How to do what’s right?

The Nickel Boys is the story of Elwood Curtis. It is the early 1960s and he is a fan of the Civil Rights Movement and Martin Luther King Jr – it appeals to his innate sense of right and wrong and if he can just keep doing the right thing, everything will be fine.

It’s not. He, while trying to get to his college-level classes that he is taking whilst still in high school, hitches a ride with someone who’s just stolen a car. He gets sent to a reform school, Nickel in the book, but based on Florida’s Dozier School for Boys. Elwood becomes friends with Turner, a boy who has come back for his second time.

Their friendship is good and realistic and also a metaphor for how to live responsibly: do you always stand up for what is good and right (Elwood) or do you do what you have to to get by (Turner)? What is the better way to live? The book is not always clear.

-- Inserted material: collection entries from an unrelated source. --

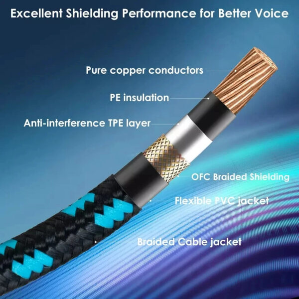 - Low Noise: CeMeow guitar cord uses coaxial cable, which far exceeds other cable structure designs in shielding performance and frequency response bandwidth. It uses high-purity 22AWG oxygen-free copper (OFC) conductive copper wire to enhance signal transmission and stability. The instrument cable also features a 6-layer protective design to maximize physical noise reduction and anti-interference performance
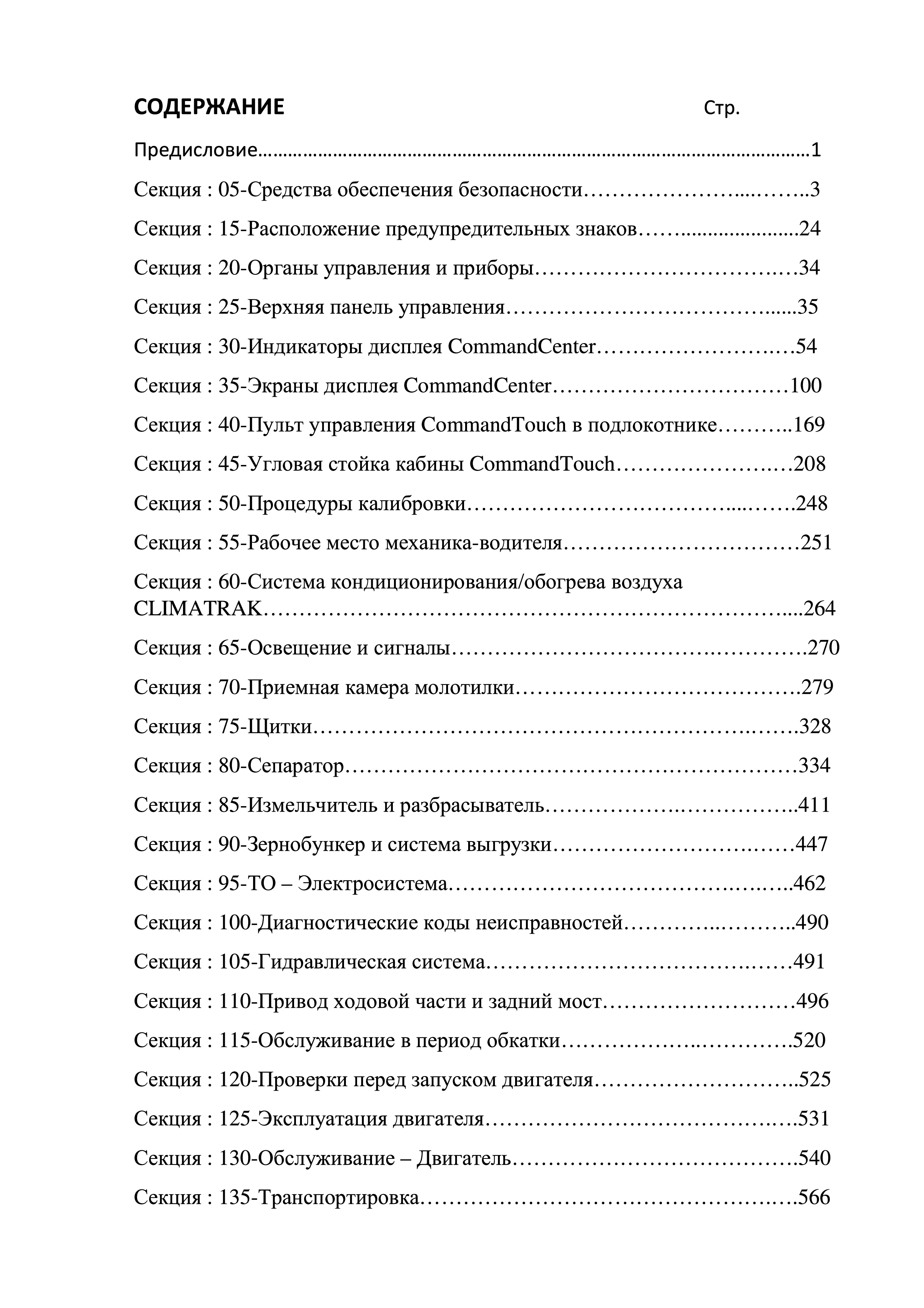 - Первая страница содержания инструкции Джон Дир 9770 STS
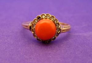 ANTIQUE VICTORIAN 9K GOLD CUT DIAMONDS & CORAL RING     Completed    $78.98
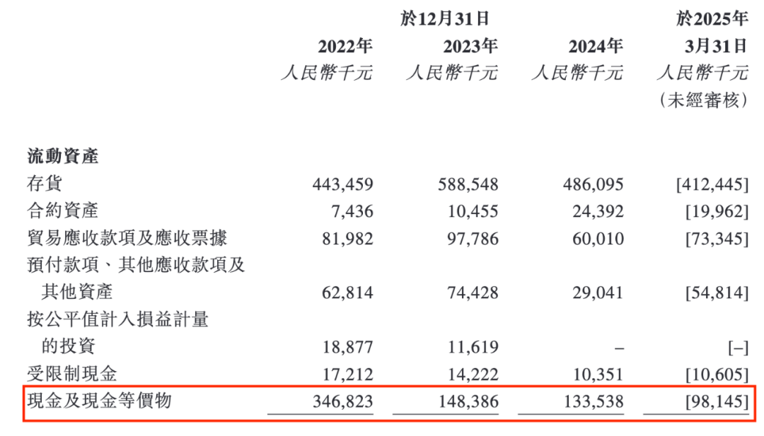 2024年,公司的现金储备为1.34亿元,已经低于其短期负债1.44亿元,资金缺口1000万元;到2025年3月31日,公司的现金储备已经降至9814.5万元,同期的短期负债则达到了1.48亿元,资金缺口扩大至约4986万元。
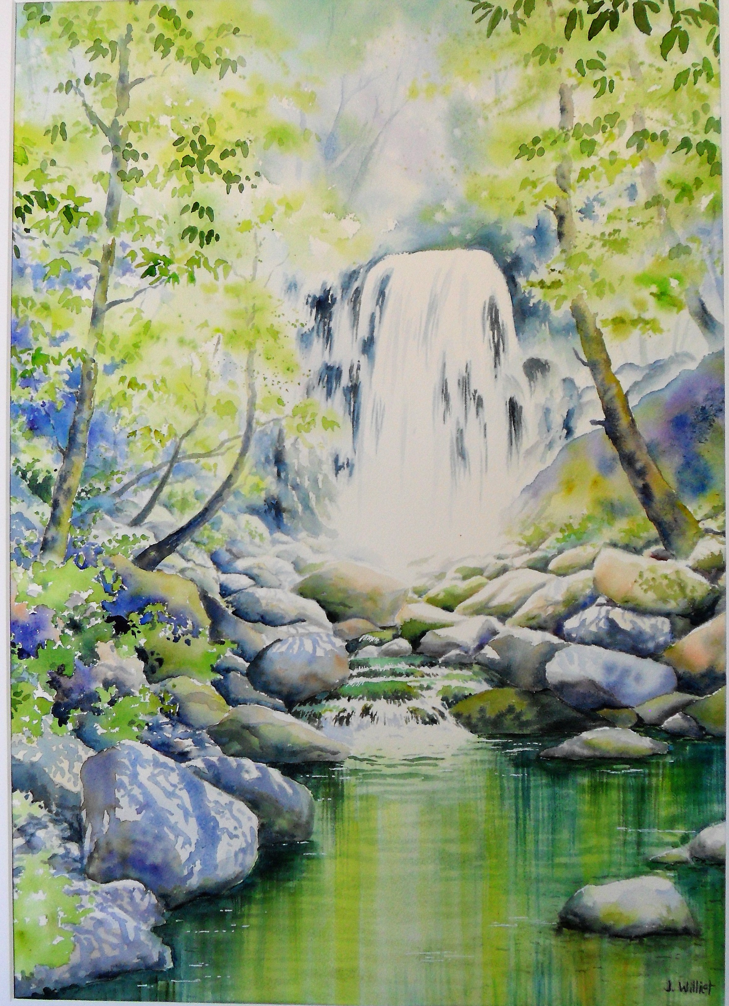 J’ai pris du temps pour peindre cette cascade ; le départ de mes 2 rivières précédentes m’a encouragé en cela :

It also brought home the precariousness of being Black in the South during and before the Civil Rights Movement, and not for the first time. If you’ve ever seen pictures of Emmett Till, you know how precarious life was for Black Southerners. But I mourned for Elwood and his intelligence and his promise, getting sent to a reform school where terrible things happen because he hitched a ride with the wrong person.

I read The Nickel Boys in one sitting, basically, getting up only to eat dinner. The prose is good and the story is tight. Highly, highly recommended.